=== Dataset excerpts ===

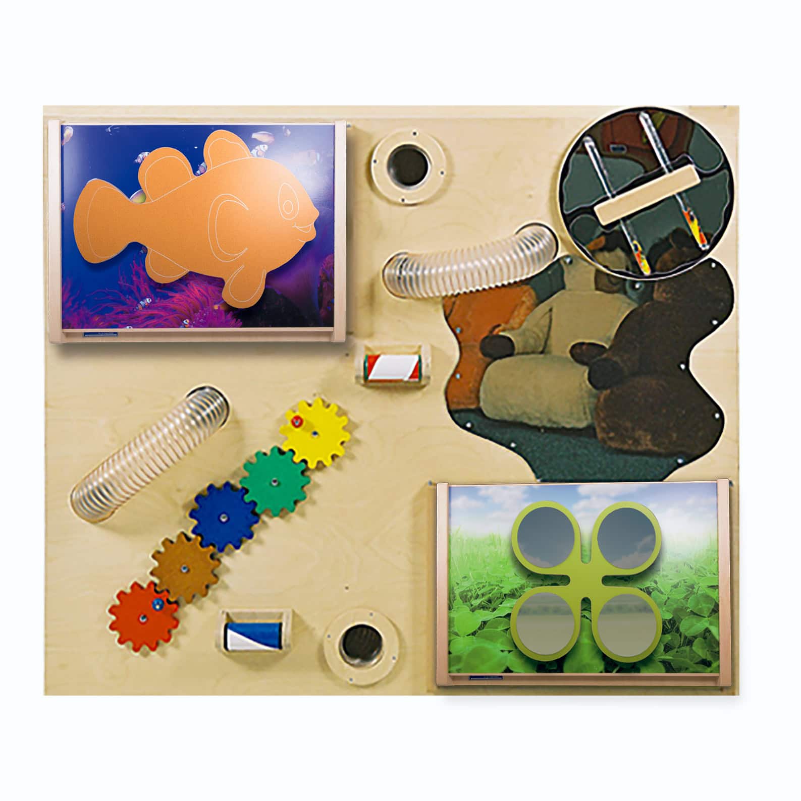 Uiterst degelijke uitvoeringen van tast- en speelelementen. Een prachtige en functionele wandvulling in groeps- en snoezelruimtes.
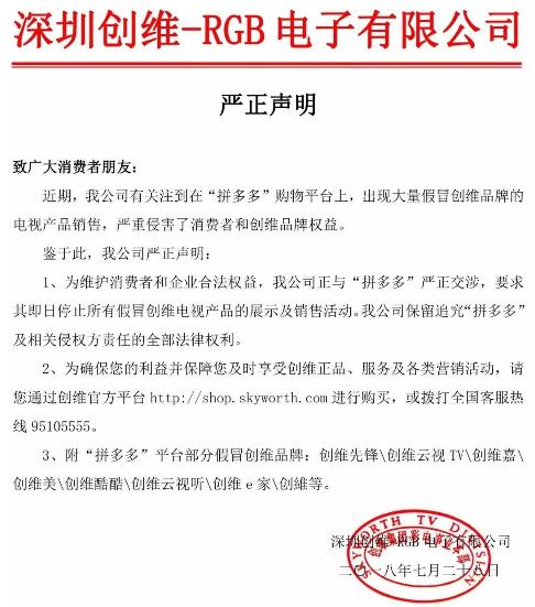 創(chuàng)維7月28日發(fā)布聲明稱(chēng),針對(duì)拼多多平臺(tái)上出現(xiàn)的涉嫌假冒創(chuàng)維品牌的電視產(chǎn)品,正與拼多多嚴(yán)正交涉,要求即日起停止所有假冒創(chuàng)維電視產(chǎn)品的展示及銷(xiāo)售活動(dòng),并保留追究拼多多及相關(guān)侵權(quán)方的全部法律責(zé)任。
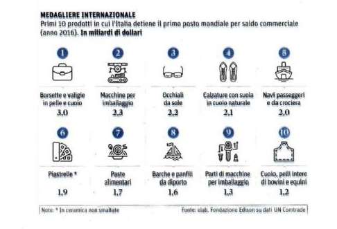 Dalla lettura dell’analisi, pubblicata da Il Sole 24 Ore, emerge allora che nel 2016 su 5.206 categorie di prodotto scambiate a livello internazionale, l’Italia si piazza 1.424 volte tra i primi 5 Paesi al mondo per bilancia commerciale con l’estero. Il comparto abbigliamento-moda detiene nel totale 383 posizioni di eccellenza, per un surplus commerciale di 37 miliardi di dollari, mentre l’arredo-casa 68 posizioni. Buone nuove anche per gli accessoristi: con un saldo di 279 milioni di dollari, l’Italia è prima anche per fibbie e fermagli in metallo per abbigliamento.
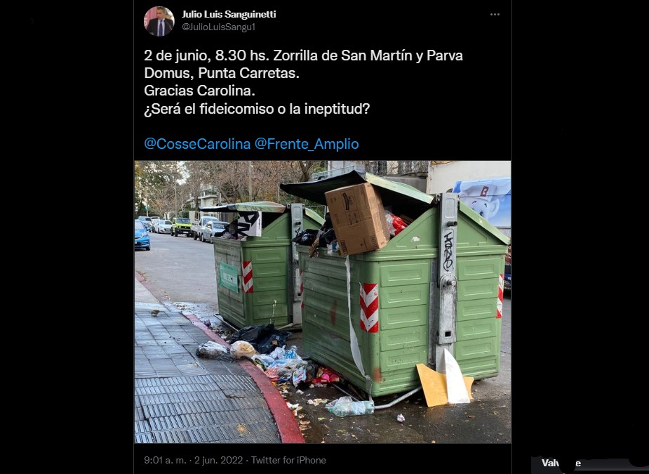The vice president of UTE (and son of former president Julio María Sanguinetti), Julio Luis Sanguinetti, criticized the mayor of Montevideo, Carolina Cosse, for the issue of garbage outside the containers.
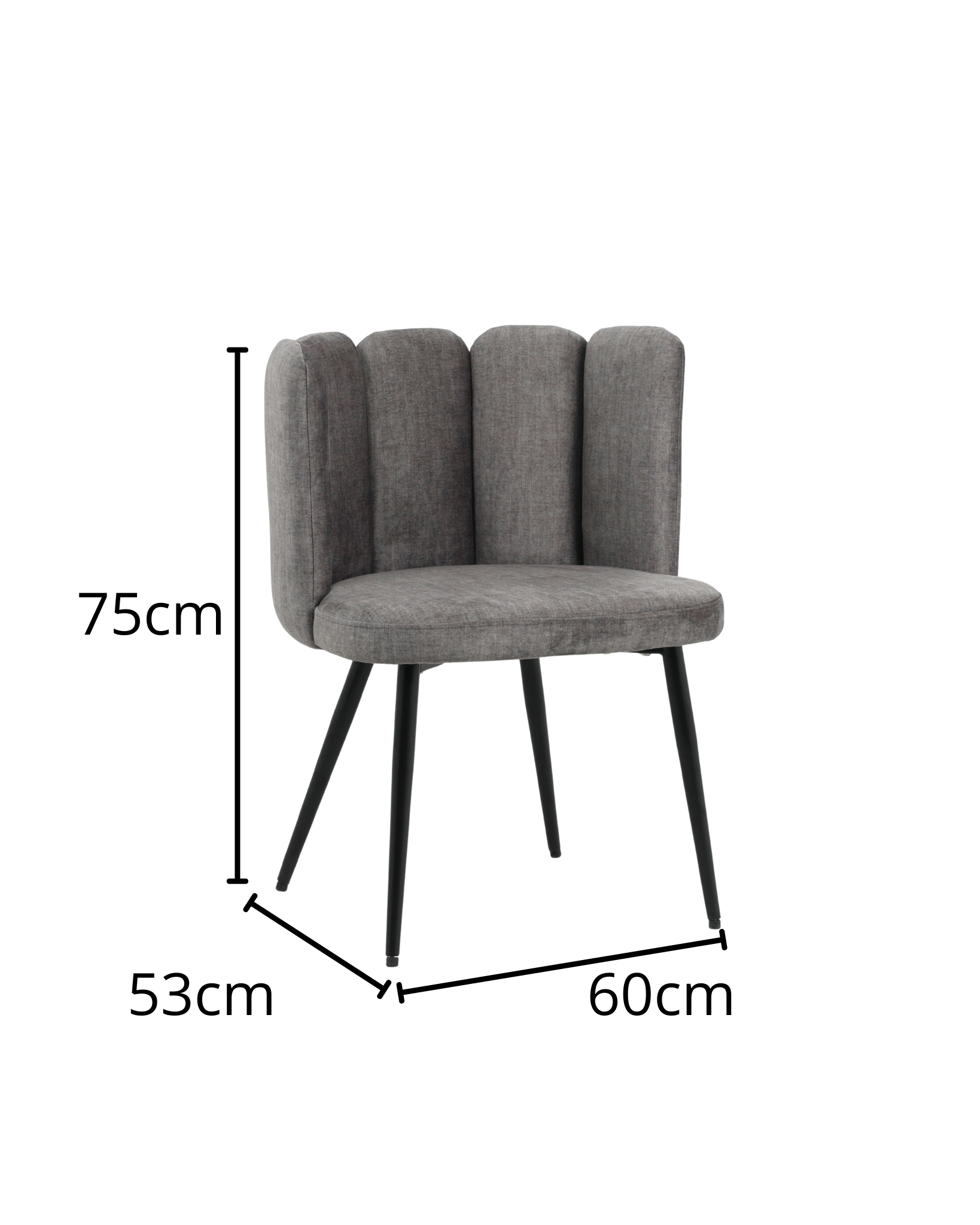 Rinnova lo stile della tua sala da pranzo o soggiorno e dona un’aria più glamour e moderna con la sedia da pranzo in velluto grigio “Elsa”. È realizzata con una seduta in poliestere con finitura in velluto e resistenti gambe in metallo nero. Il sistema di fissaggio delle gambe Cross System garantisce una maggiore stabilità alla struttura. Il suo design avvolgente la rende una sedia comoda, ideale per godersi lunghi momenti di relax.

=== THE PROBLEM ===
What is needed is an exact copy of each line from the top of the data above through the line containing "創(chuàng)維7月28", with no pictures.

=== ANSWER FOR THE TASK ===
 Uiterst degelijke uitvoeringen van tast- en speelelementen. Een prachtige en functionele wandvulling in groeps- en snoezelruimtes.
 創(chuàng)維7月28日發(fā)布聲明稱(chēng),針對(duì)拼多多平臺(tái)上出現(xiàn)的涉嫌假冒創(chuàng)維品牌的電視產(chǎn)品,正與拼多多嚴(yán)正交涉,要求即日起停止所有假冒創(chuàng)維電視產(chǎn)品的展示及銷(xiāo)售活動(dòng),并保留追究拼多多及相關(guān)侵權(quán)方的全部法律責(zé)任。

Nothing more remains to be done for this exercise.